Mensen zijn niet opeens minder ziek dan vroeger. Mensen hebben niet opeens minder operaties nodig of minder medicijnen. Toch lijkt dat wel aan de hand te zijn in Nederland. Ik vind dat alle signalen op rood staan. Als straks uit de tussenrapportage blijkt dat mensen inderdaad afzien van noodzakelijke zorg vanwege financiële drempels, heeft de minister dan een noodplan klaarliggen?
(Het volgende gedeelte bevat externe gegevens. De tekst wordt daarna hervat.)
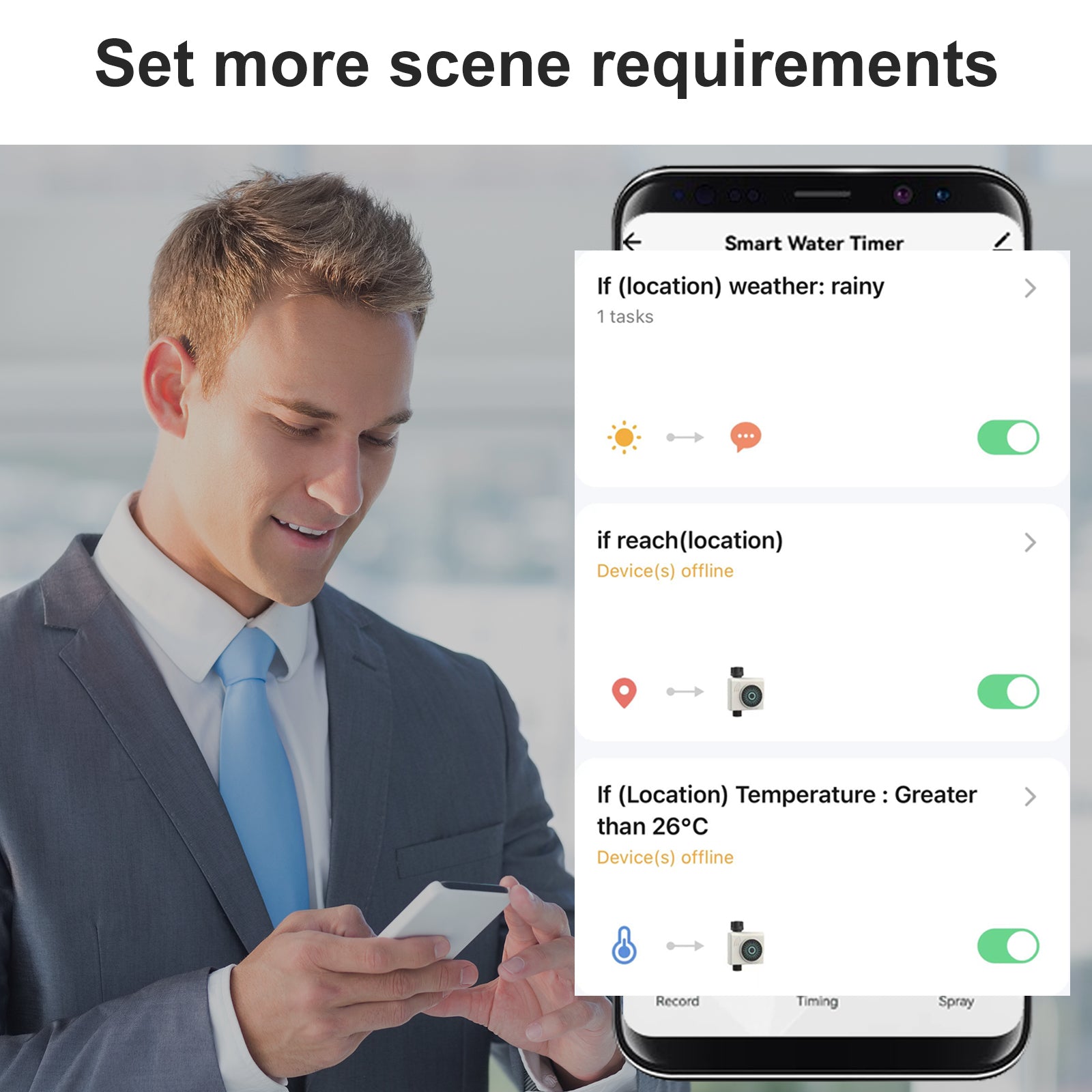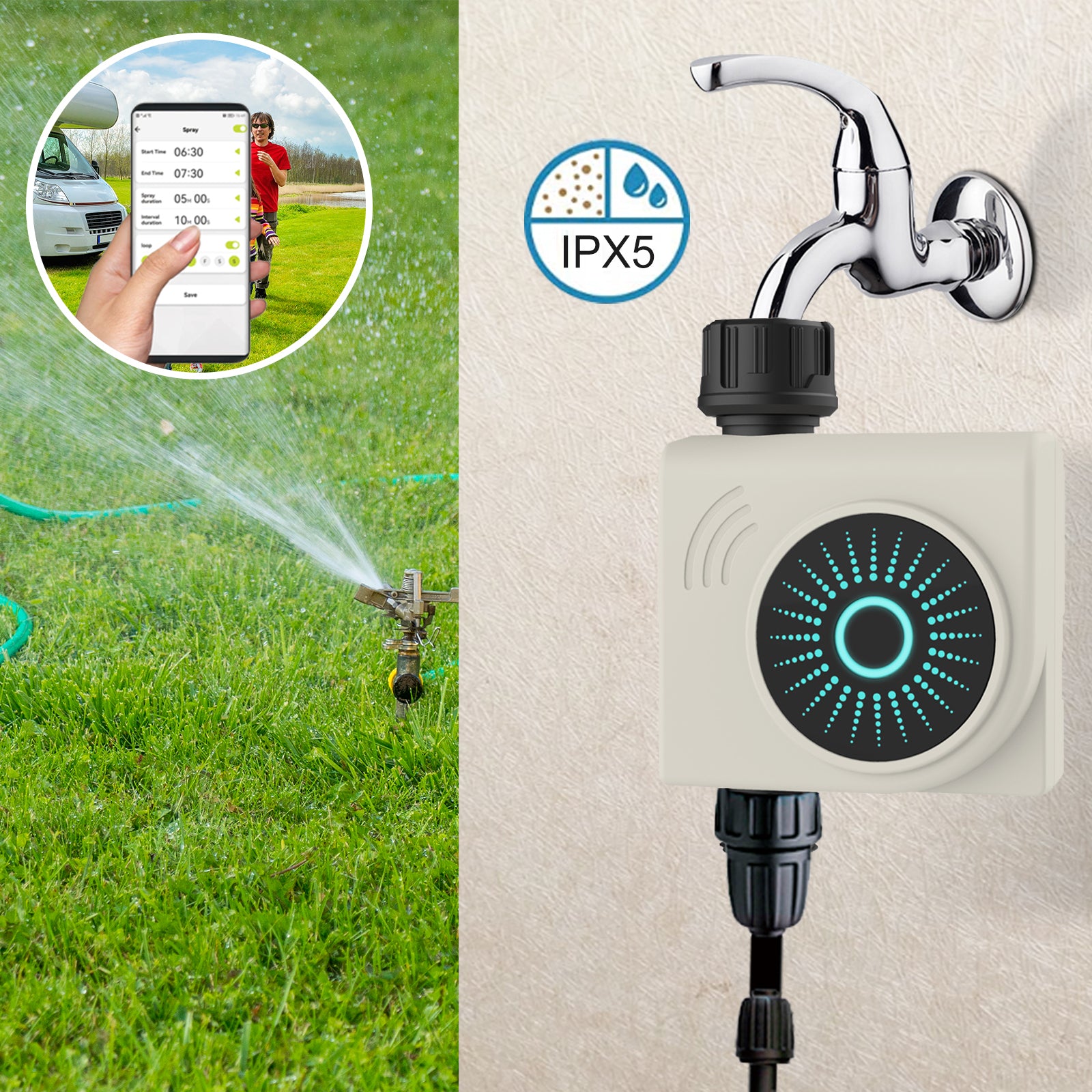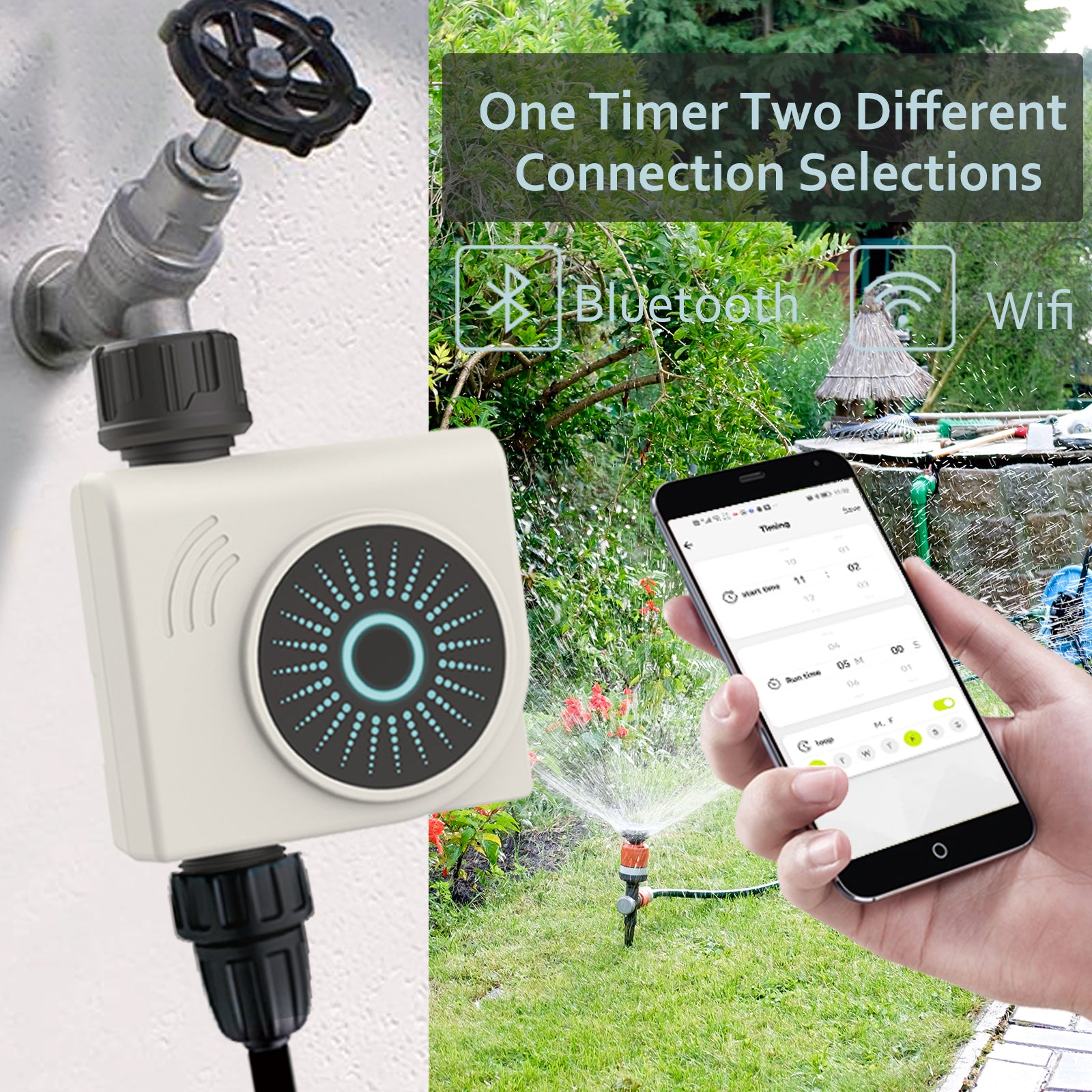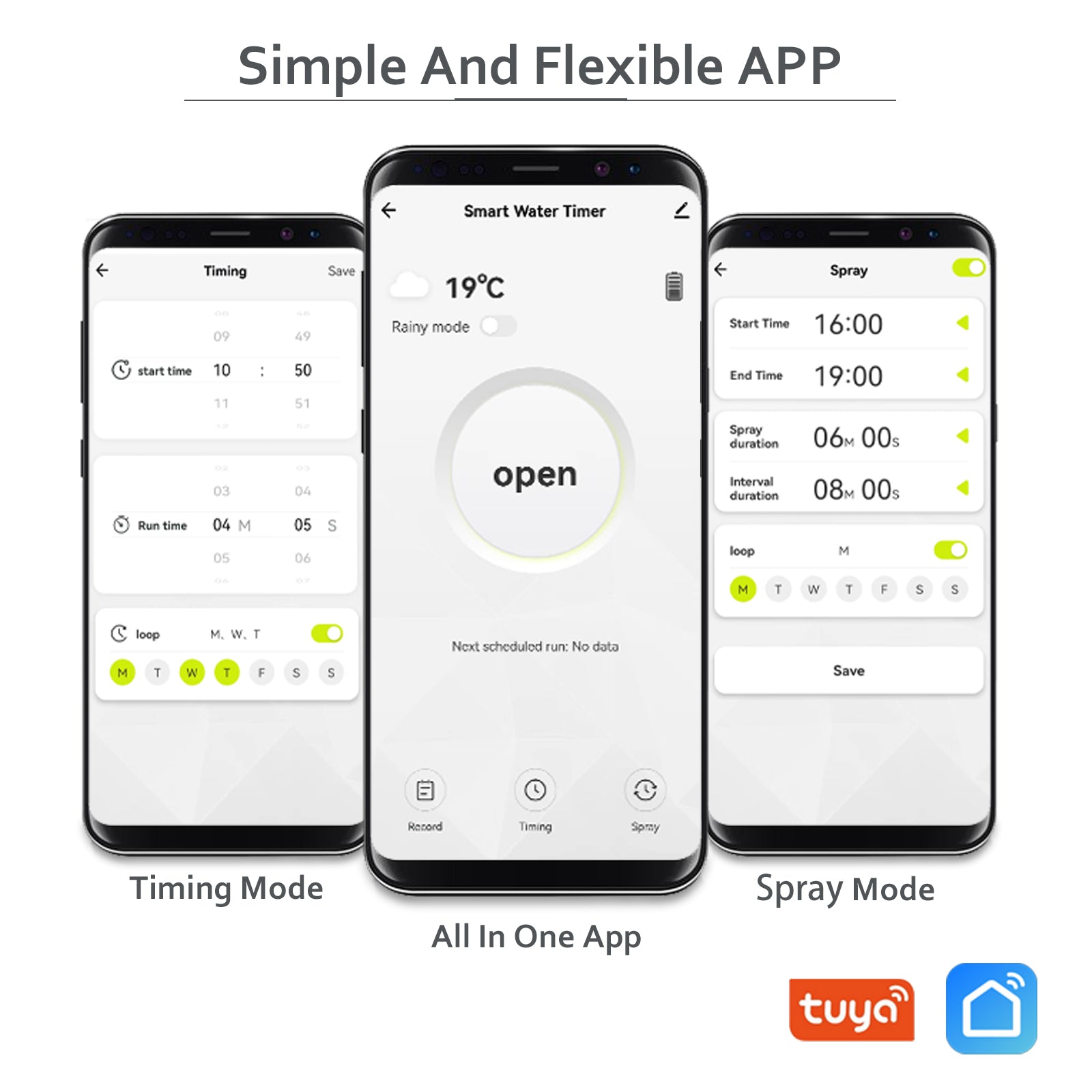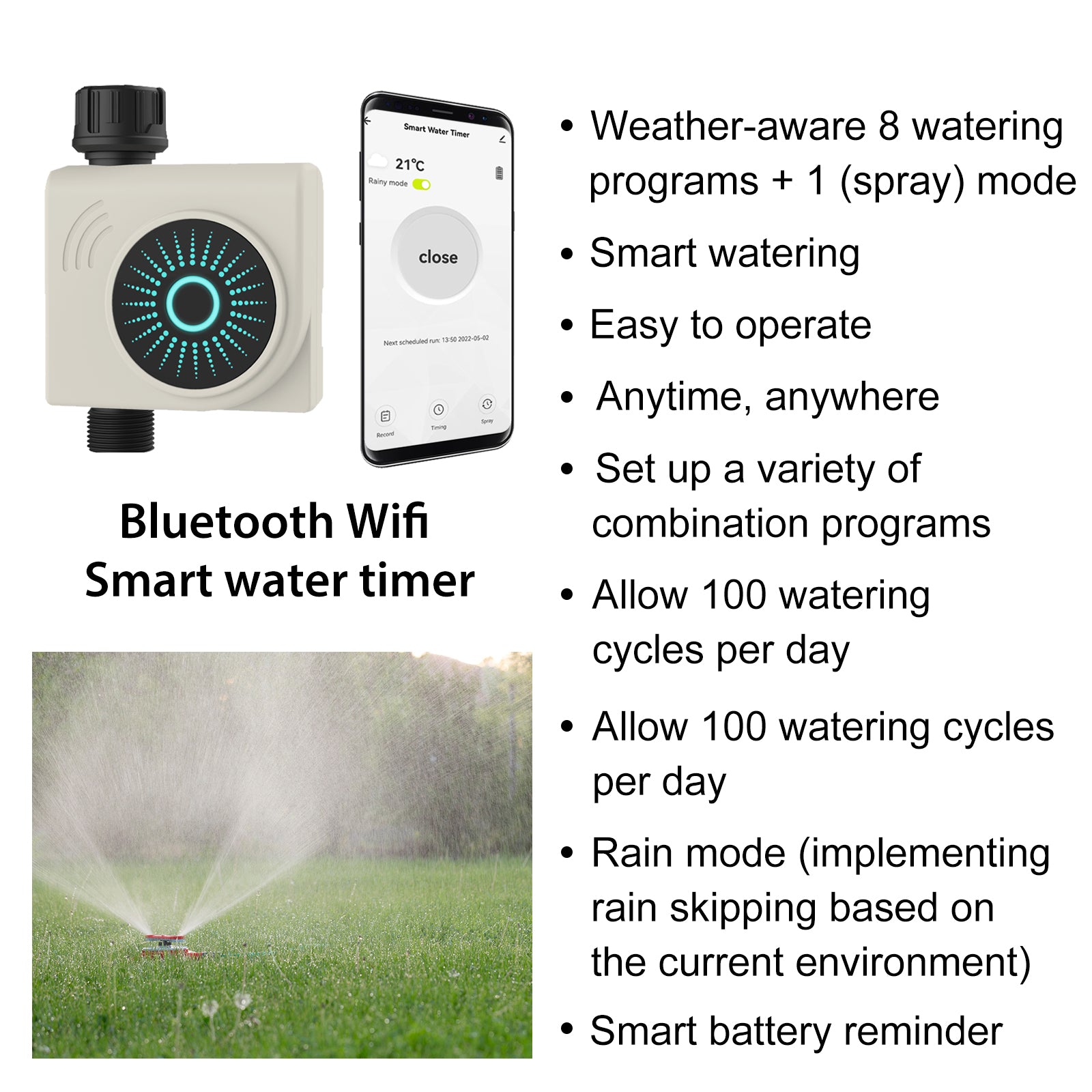 - SPRINKLER MODE + SPRAYER MODE - For various watering demands in different weather, seasons, reasons, and situations, we incorporated sprinkler and sprayer modes in this WiFi hose timer. You can configure up to 8 unique sprinkler programs and 1 independent sprayer program. You can modify the timetable to match your demands, whether you want to irrigate your garden, lawn, potted plants, greenhouse veggies, humidify and dust the surroundings, or fill your pool.

Mevrouw Bouwmeester (PvdA):

Voorzitter. Het zou wat zijn als mensen geen zorg meer krijgen, omdat ze die niet kunnen betalen. Die signalen zijn natuurlijk zeer zorgelijk. Gelukkig hebben we daarom in juni een heel groot debat gehad en in september nog een grote brief gekregen, waaruit blijkt dat het kabinet dit onderzoekt, dit monitort en dit bijhoudt. Het kon aangeven dat het niet zo is dat mensen niet meer de zorg krijgen die ze nodig hebben. De enige vraag die nu nog resteert, is: minister, u bent het aan het monitoren, misschien kunt u ons, nu we hier toch staan, de stand van zaken vertellen. Tot die tijd hebben wij er alle vertrouwen in dat het goed komt.

De voorzitter:

Dank u zeer, maar u mag nog niet weg, want de heer Van Gerven van de SP-fractie wil u interrumperen en ik sta hem dat toe.

De heer Van Gerven (SP):

De Partij van de Arbeid was, als we kijken in de geschiedenis, altijd met de SP een fel tegenstander van het eigen risico. We stonden voor solidariteit en het recht op toegankelijke zorg. Hoe los je dat op? Door een inkomensafhankelijke premie te organiseren. Het is allemaal anders gelopen en we hebben nu een eigen risico dat enorm verhoogd is in de afgelopen jaren. Heeft de Partij van de Arbeid geen signalen ontvangen dat mensen afzien van zorg? We hebben dat rapport van de Landelijke Huisartsen Vereniging, maar heeft Partij van de Arbeid zelf geen signalen ontvangen dat mensen vanwege de premie, het eigen risico en alle andere premies en de gevolgen van de crisis, afzien van zorg?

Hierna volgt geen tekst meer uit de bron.